### What this task involves
Leaving out all pictures, write out word for word the lines from the one containing "Quicken Loans on" to the end of the data below.

### Given material

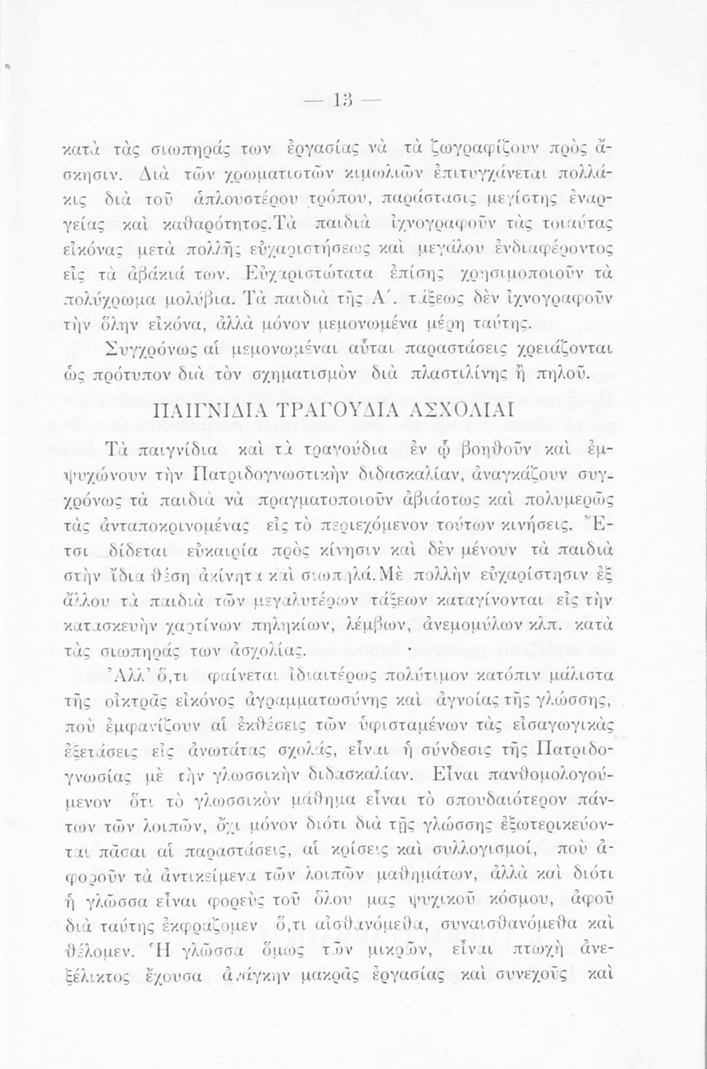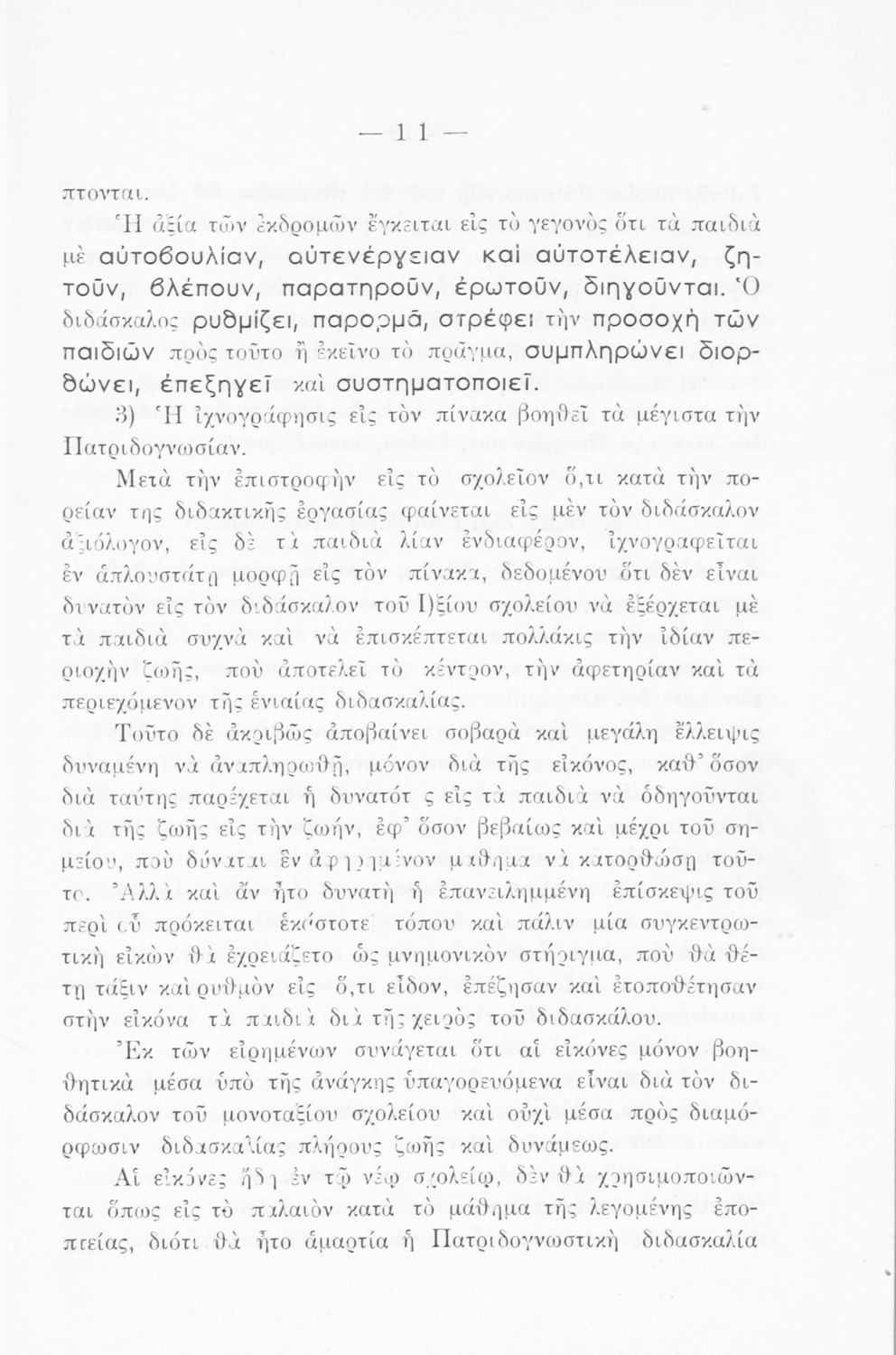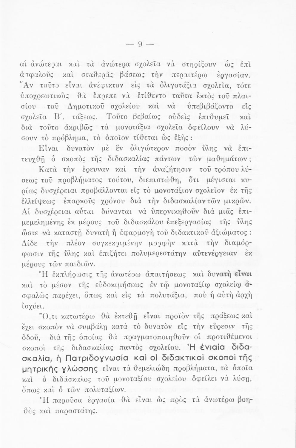 Παιδαγωγικό βοήθημα που εμφορείται από τις αρχές της Νέας Αγωγής και απευθύνεται στους δασκάλους των Μονοταξίων Δημοτικών. Αποσκοπεί στην παροχή θεωρητικών κατευθύνσεων και πρακτικών οδηγιών για τη διδασκαλία της Γλώσσας και της Πατριδογνωσίας σε μονοτάξια σχολεία και συνδιδασκόμενες τάξεις.
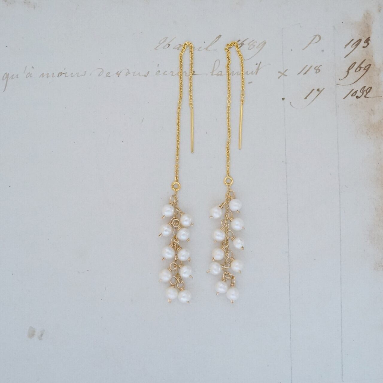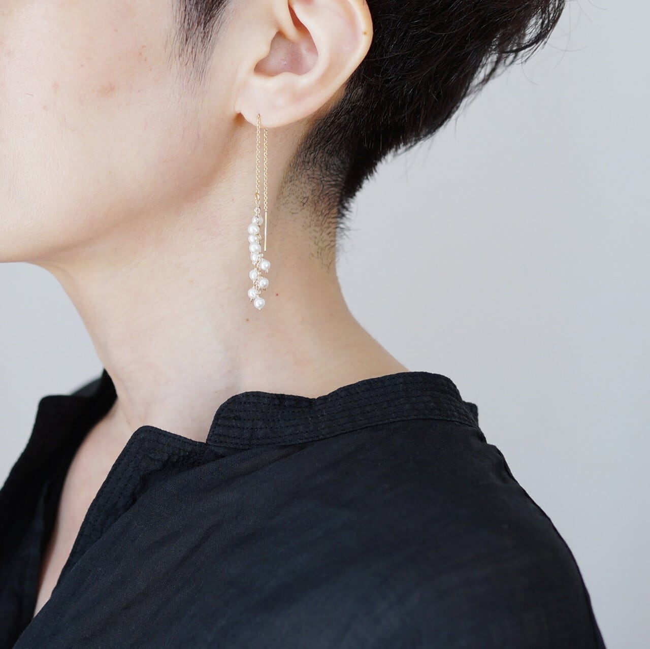 小さな粒の上質な淡水パールのが揺れるアメリカンピアス。
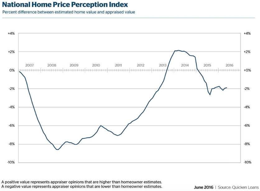 Quicken Loans on Tuesday reported home appraisals in May were an average of 1.89% lower than what homeowners were expecting, according to the national Home Price Perception Index (HPPI).
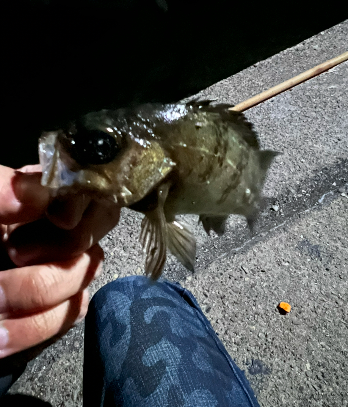 急にメバルが釣りたくなり南伊勢方面へ行ってきました。めぼしい場所を探し回り漁港でもなんでもない場所で灯りがある付近を狙っていくとコツコツバイト。乗らないのでリトリーブスピードを下げるとヒット!15センチあるかないかのサイズ!その後もショートバイトはあるもののなかなか乗らず2匹追加で終了!寒すぎて撤退!

### Answer section
 Quicken Loans on Tuesday reported home appraisals in May were an average of 1.89% lower than what homeowners were expecting, according to the national Home Price Perception Index (HPPI).
 急にメバルが釣りたくなり南伊勢方面へ行ってきました。めぼしい場所を探し回り漁港でもなんでもない場所で灯りがある付近を狙っていくとコツコツバイト。乗らないのでリトリーブスピードを下げるとヒット!15センチあるかないかのサイズ!その後もショートバイトはあるもののなかなか乗らず2匹追加で終了!寒すぎて撤退!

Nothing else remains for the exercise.